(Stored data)
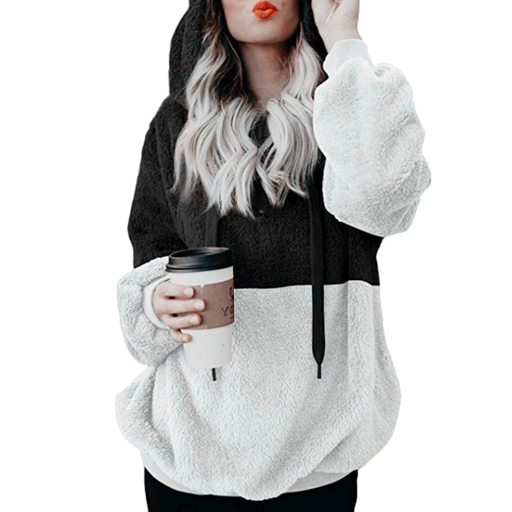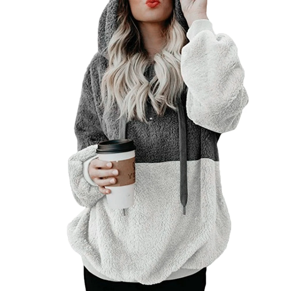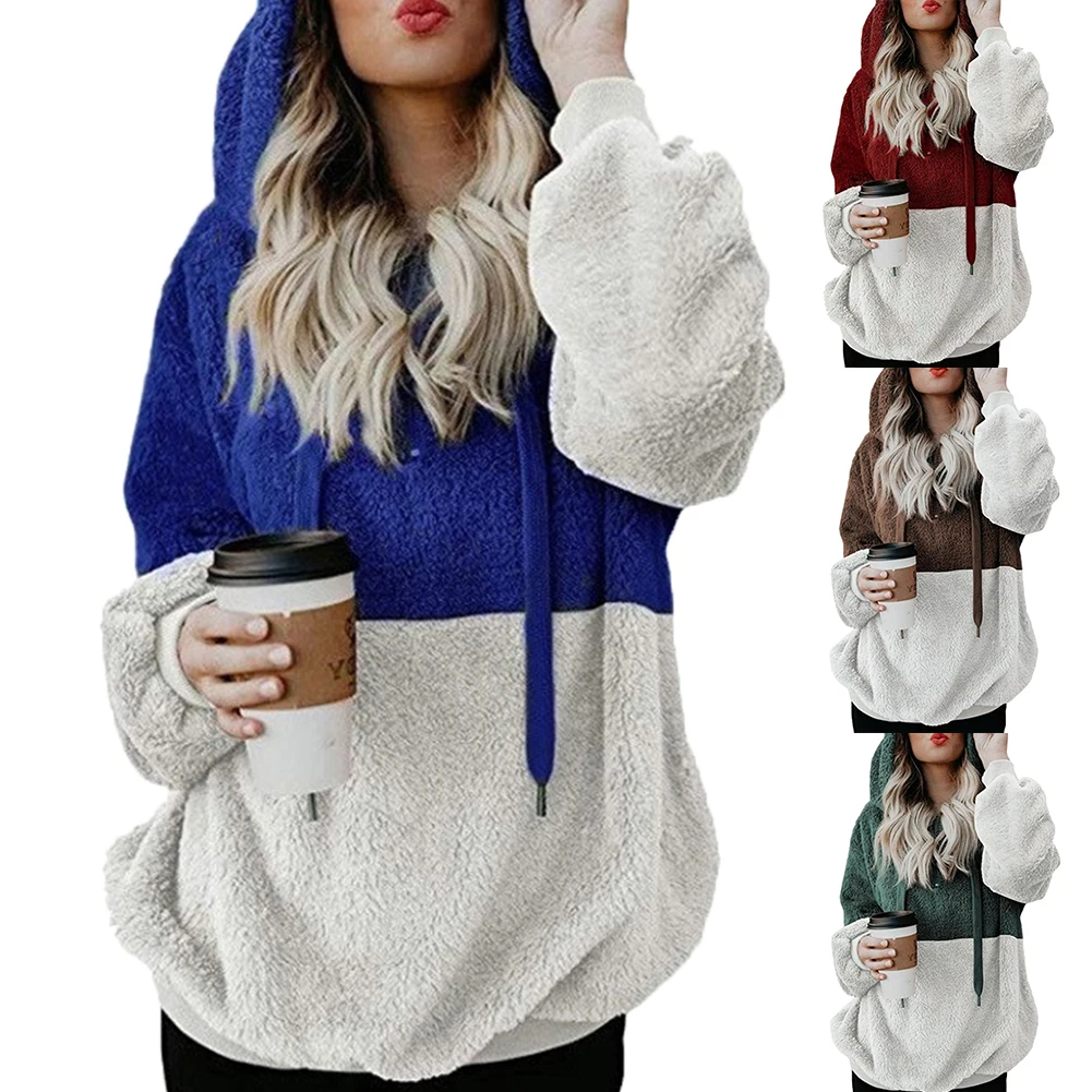 Модная женская плюшевая толстовка с капюшоном размера плюс в стиле пэчворк с длинными рукавами, Повседневная Толстовка с капюшоном для женщин
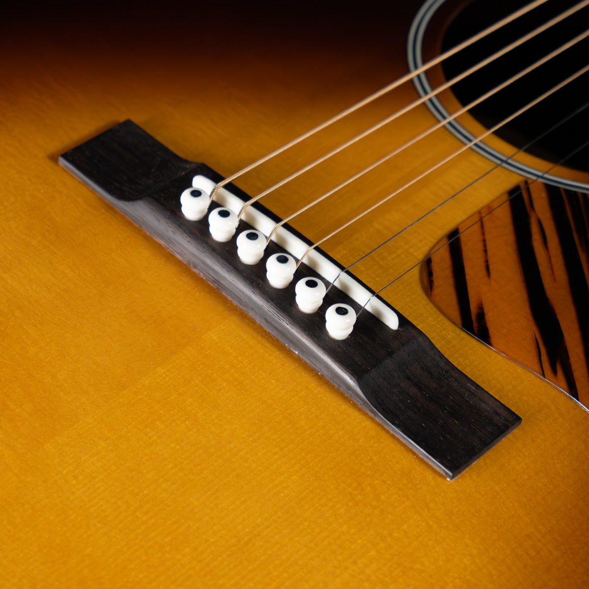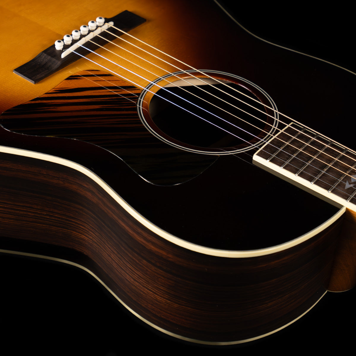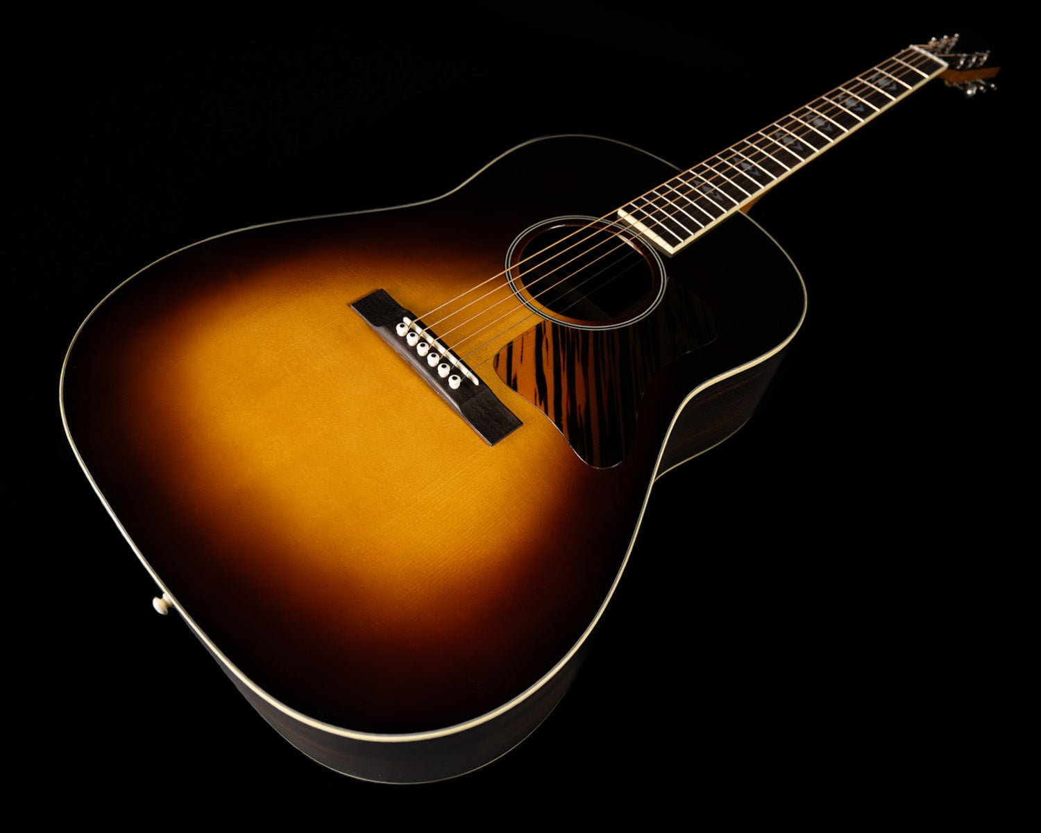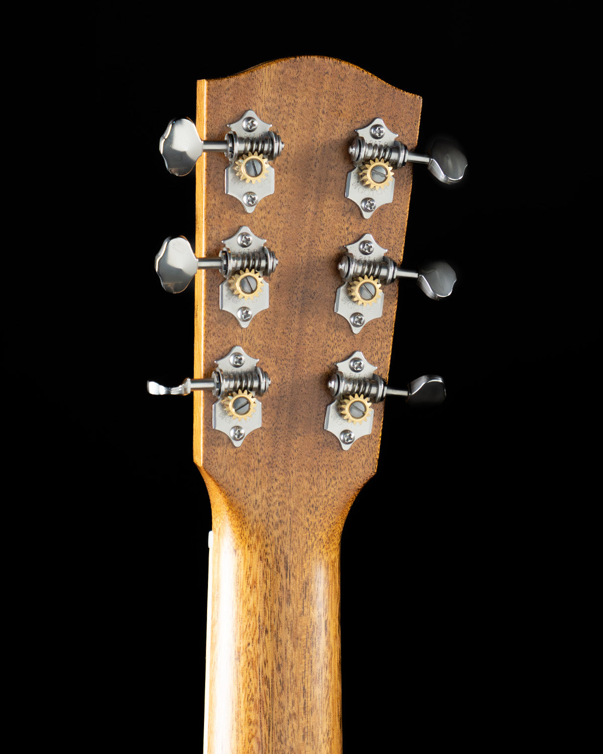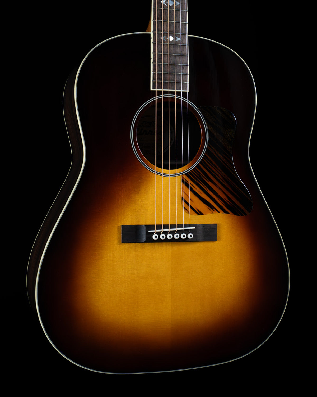 The appointments are traditional to Gibson AJs with arrow inlays on the rosewood fingerboard, fire stripe pickguard, single ring rosette and arrow flourish on the peghead. The tuners are open-gear Gotoh, and a hard case is included.
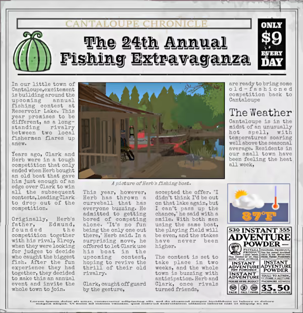 通过收集物品、与当地人交流和解决谜题来探索 Cantaloupe,以揭开一系列可供撰写的小故事。密切关注与大秘密相关的线索——这是您最终的头版文章的关键。
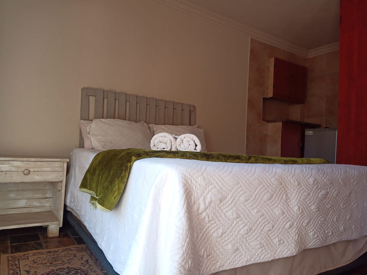 This modern self catering unit is situated in a quiet area yet close to town. It has a queen size bed, spacious walk in shower and a kitchen with a full size fridge. You also have a verandah where you can either relax or sit and work.
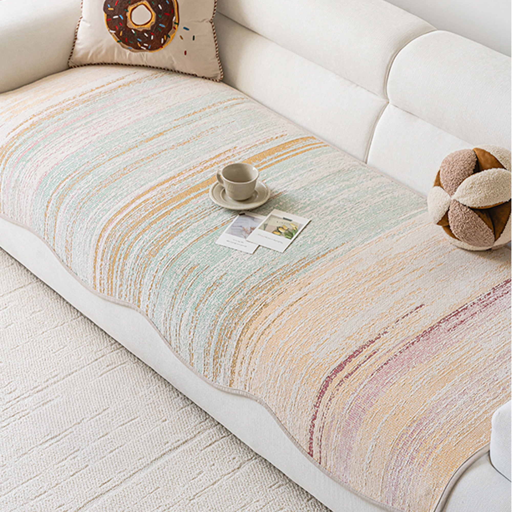 アブストラクトブリーズ 傷に強いシェニール素材のソファカバーで、時代を超えた芸術的な雰囲気と心地よい快適さをご自宅にプラスしましょう。柔らかでモダンな色合いの流れるような抽象模様がデザインされたこのカバーは、リビングスペースにエレガントさと創造性をもたらします。耐久性がありペットにも優しいシェニール生地で作られており、インテリアを引き立てるだけでなく、日常の摩耗、傷、ペットの毛などから長くお使いいただけます。
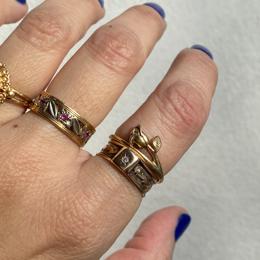 10k Victorian braided hair mourning ring sz7 (not sizable), don't get wet
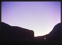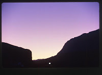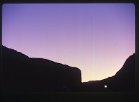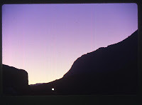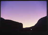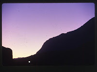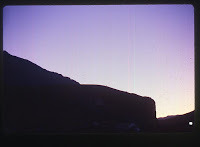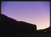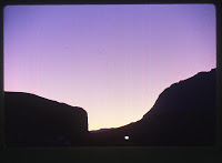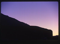 While it may be difficult to look at these images without being preoccupied with "What am I looking at?" the point is not to identify the content, but to observe your own reaction to the relationship between the frame and the configurations of the elements in the frame. (The scene is a naturally occurring land form in the very early twilight of a sunrise. The white dot is a street light.)
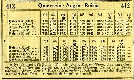 | Tableaux horaires[note 1] | 412 (1931) | |

◆ **Exercise aim**: Set down exactly the lines above, from the line containing "The appointments are" through the line containing "通过收集物品、与当地人交流和". Skip the pictures.

◆ **Final answer**:
 The appointments are traditional to Gibson AJs with arrow inlays on the rosewood fingerboard, fire stripe pickguard, single ring rosette and arrow flourish on the peghead. The tuners are open-gear Gotoh, and a hard case is included.
 通过收集物品、与当地人交流和解决谜题来探索 Cantaloupe,以揭开一系列可供撰写的小故事。密切关注与大秘密相关的线索——这是您最终的头版文章的关键。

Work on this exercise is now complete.